Leona Riemann (born 28 November 1952) is a German writer, author, and publisher.

== Life and career ==
Raised in Wiesbaden, Leona Riemann began her academic journey after completing her university-entrance diploma in 1971, delving into English and French literature for teaching at Johannes Gutenberg University in Mainz, and studying education at Johann Wolfgang Goethe University Frankfurt am Main. Following the conclusion of her studies in October 1984, Riemann embarked on a career in education, serving as a teacher until 2018.

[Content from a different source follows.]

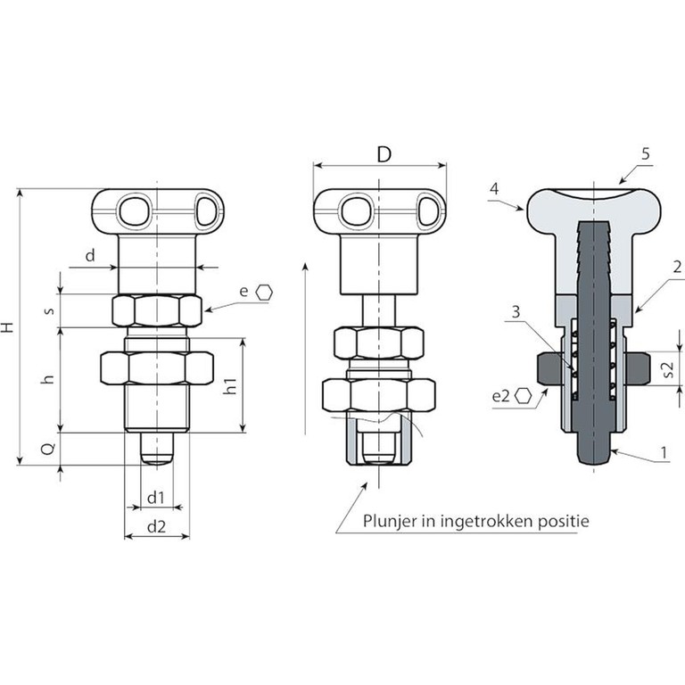 > Wij raden een tolerantie van H7 aan voor de boring van de zitting van de blokkeerboutstang.
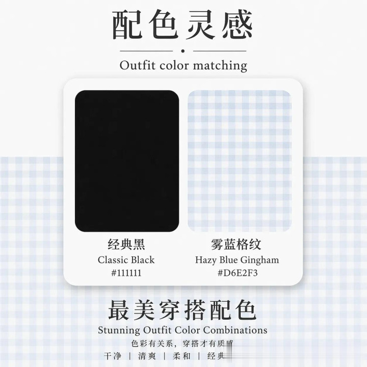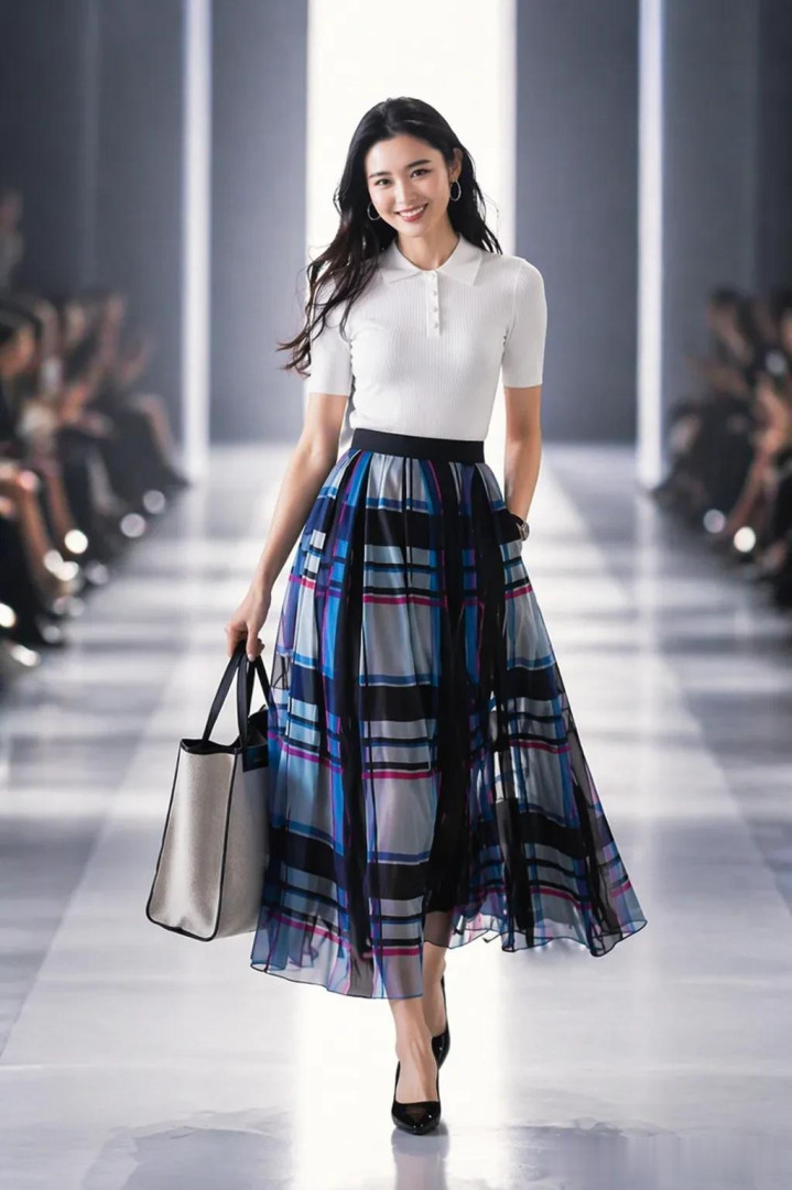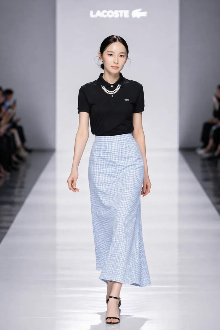 ③ 经典黑Polo衫 × 雾蓝格纹半裙

Since 1981, Leona Riemann has been active in the publishing and literary world, also writing under the pseudonym Anne Wolf. She took her passion for literature a step further by establishing the Hunsrücker publishing house in 2016.

Riemann, along with her family, has been residing in Gödenroth in the Hunsrück since 1997.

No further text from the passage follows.